■ TASK INSTRUCTIONS
Your output should be everything below from the line containing "南孚2号干电池2粒装二号碱性大电池1.5V适用热水器手电筒" down to the line containing "Fully loaded like", both ends included, copied exactly, with pictures left out.
START INPUT FOR THIS TASK
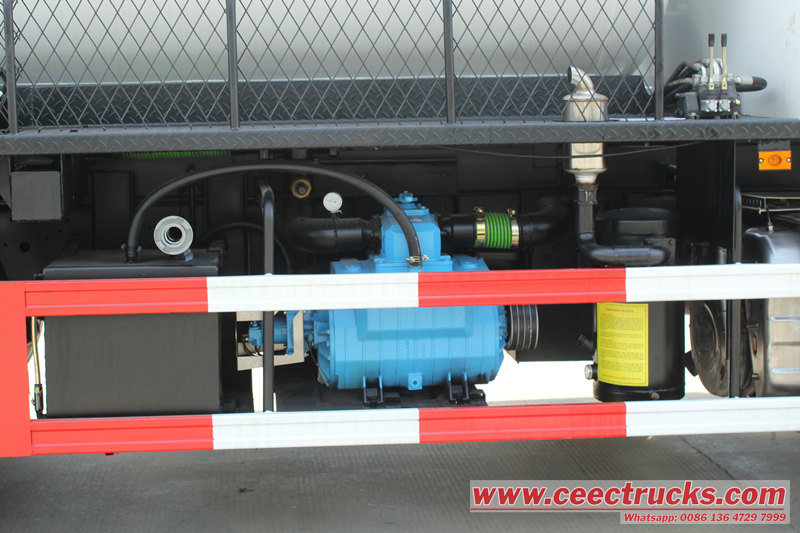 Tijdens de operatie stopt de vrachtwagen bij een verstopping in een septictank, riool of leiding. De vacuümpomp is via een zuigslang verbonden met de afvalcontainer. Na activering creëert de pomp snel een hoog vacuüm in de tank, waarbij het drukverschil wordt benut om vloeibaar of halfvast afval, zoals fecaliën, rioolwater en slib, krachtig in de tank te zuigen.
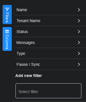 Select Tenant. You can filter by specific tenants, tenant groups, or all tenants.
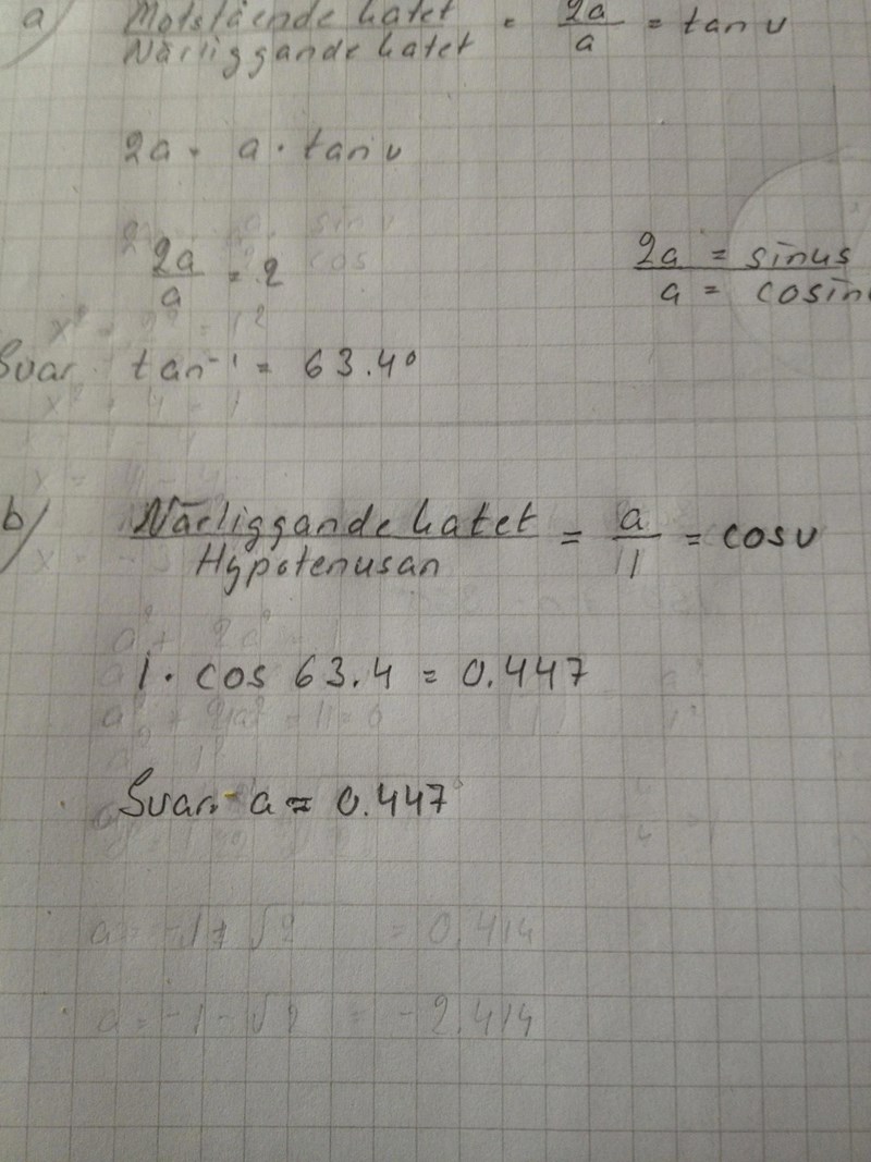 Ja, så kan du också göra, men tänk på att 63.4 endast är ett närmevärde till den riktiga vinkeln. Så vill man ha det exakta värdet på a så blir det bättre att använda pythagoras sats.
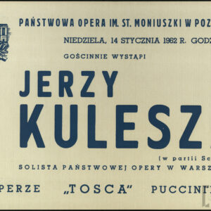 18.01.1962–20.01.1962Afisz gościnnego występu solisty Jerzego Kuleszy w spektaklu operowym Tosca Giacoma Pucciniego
END INPUT FOR THIS TASK
START INPUT FOR THIS TASK
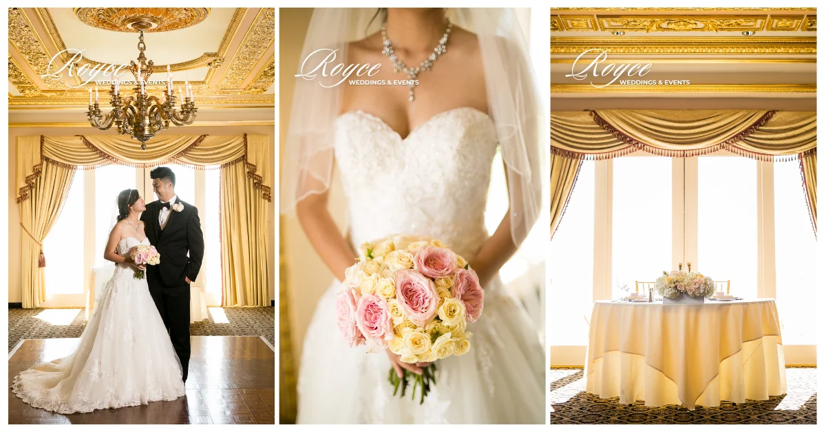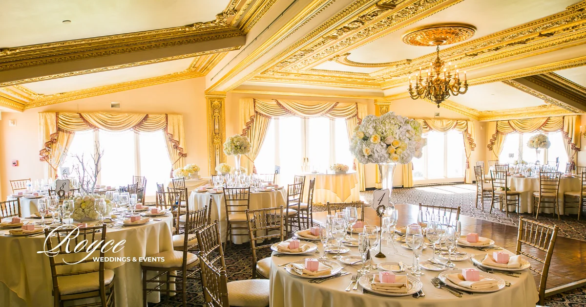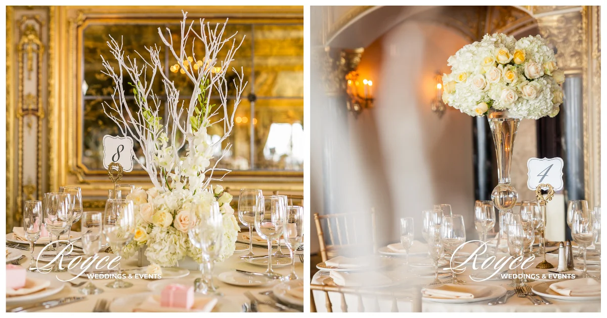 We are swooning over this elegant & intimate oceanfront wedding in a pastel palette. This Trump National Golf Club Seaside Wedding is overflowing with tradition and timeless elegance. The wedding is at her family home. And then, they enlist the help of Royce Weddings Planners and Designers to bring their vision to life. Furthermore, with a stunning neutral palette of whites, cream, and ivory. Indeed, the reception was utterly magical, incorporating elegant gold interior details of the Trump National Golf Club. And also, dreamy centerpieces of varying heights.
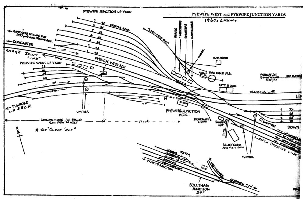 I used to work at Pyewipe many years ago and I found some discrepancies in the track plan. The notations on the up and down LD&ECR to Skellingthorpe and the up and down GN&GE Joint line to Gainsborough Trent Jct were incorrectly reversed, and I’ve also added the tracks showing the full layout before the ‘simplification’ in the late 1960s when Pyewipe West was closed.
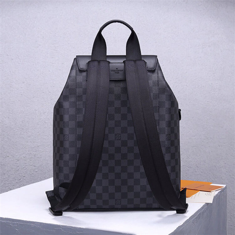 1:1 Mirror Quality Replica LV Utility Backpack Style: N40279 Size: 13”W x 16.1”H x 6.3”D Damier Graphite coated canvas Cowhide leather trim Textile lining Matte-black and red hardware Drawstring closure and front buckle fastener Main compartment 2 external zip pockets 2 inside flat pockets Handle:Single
END INPUT FOR THIS TASK
START INPUT FOR THIS TASK
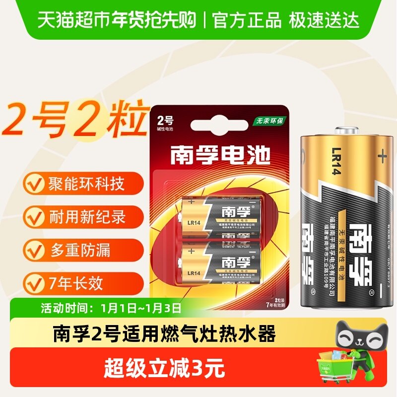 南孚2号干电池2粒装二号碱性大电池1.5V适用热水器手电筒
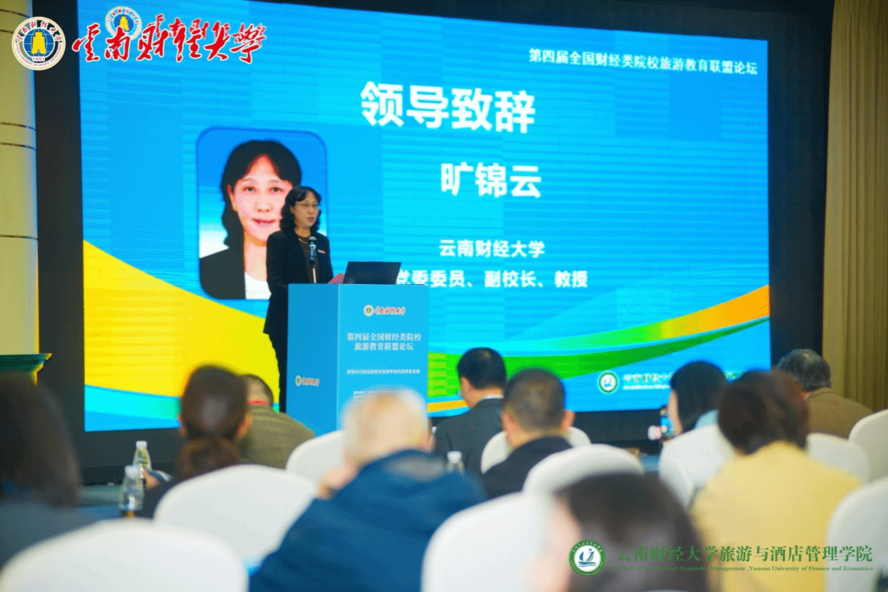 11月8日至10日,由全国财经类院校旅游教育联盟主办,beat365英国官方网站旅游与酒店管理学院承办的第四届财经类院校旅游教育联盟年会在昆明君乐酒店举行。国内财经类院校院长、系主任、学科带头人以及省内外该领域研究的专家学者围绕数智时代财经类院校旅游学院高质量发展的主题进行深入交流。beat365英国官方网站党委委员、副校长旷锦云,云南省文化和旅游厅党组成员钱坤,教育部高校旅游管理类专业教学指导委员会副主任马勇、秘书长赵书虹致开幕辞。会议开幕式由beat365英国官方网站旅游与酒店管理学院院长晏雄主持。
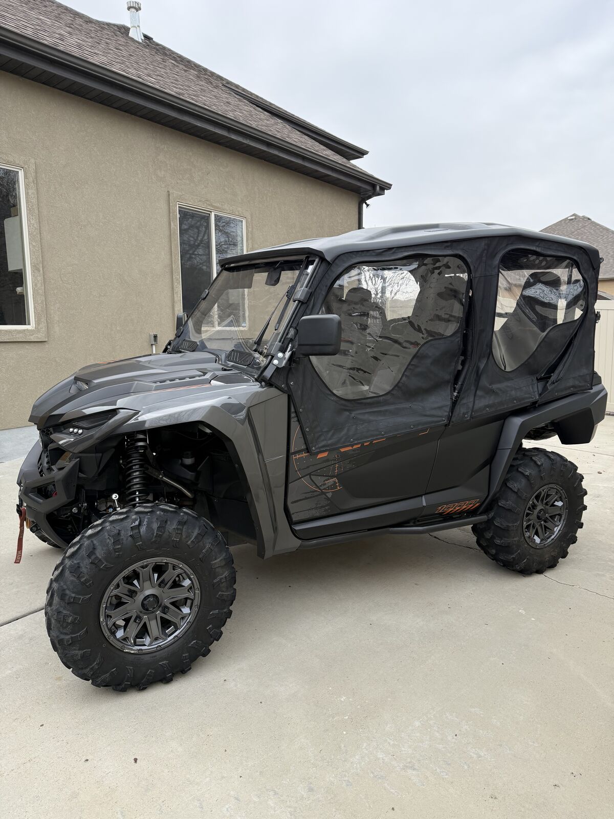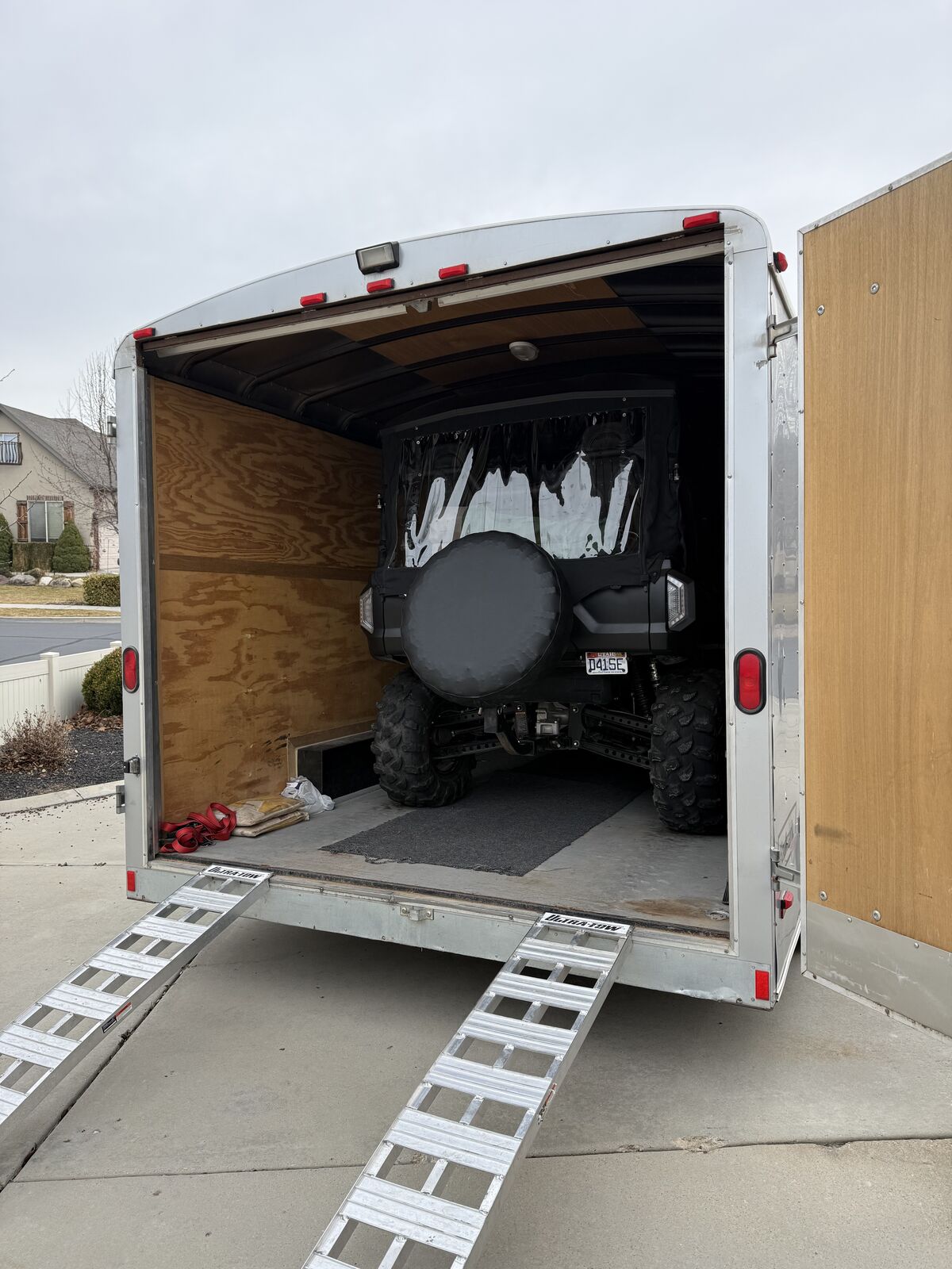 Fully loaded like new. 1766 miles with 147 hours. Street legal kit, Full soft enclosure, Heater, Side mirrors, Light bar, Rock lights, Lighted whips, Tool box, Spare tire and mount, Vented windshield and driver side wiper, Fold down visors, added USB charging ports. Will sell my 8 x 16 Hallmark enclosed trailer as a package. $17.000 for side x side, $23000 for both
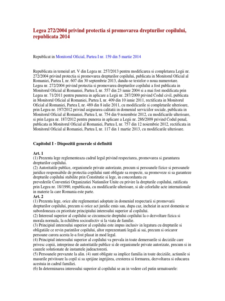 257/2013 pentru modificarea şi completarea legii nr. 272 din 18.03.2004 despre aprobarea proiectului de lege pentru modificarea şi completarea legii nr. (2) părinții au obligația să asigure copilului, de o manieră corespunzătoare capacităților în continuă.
END INPUT FOR THIS TASK
■ COMPLETED EXERCISE
 南孚2号干电池2粒装二号碱性大电池1.5V适用热水器手电筒
 11月8日至10日,由全国财经类院校旅游教育联盟主办,beat365英国官方网站旅游与酒店管理学院承办的第四届财经类院校旅游教育联盟年会在昆明君乐酒店举行。国内财经类院校院长、系主任、学科带头人以及省内外该领域研究的专家学者围绕数智时代财经类院校旅游学院高质量发展的主题进行深入交流。beat365英国官方网站党委委员、副校长旷锦云,云南省文化和旅游厅党组成员钱坤,教育部高校旅游管理类专业教学指导委员会副主任马勇、秘书长赵书虹致开幕辞。会议开幕式由beat365英国官方网站旅游与酒店管理学院院长晏雄主持。
 Fully loaded like new. 1766 miles with 147 hours. Street legal kit, Full soft enclosure, Heater, Side mirrors, Light bar, Rock lights, Lighted whips, Tool box, Spare tire and mount, Vented windshield and driver side wiper, Fold down visors, added USB charging ports. Will sell my 8 x 16 Hallmark enclosed trailer as a package. $17.000 for side x side, $23000 for both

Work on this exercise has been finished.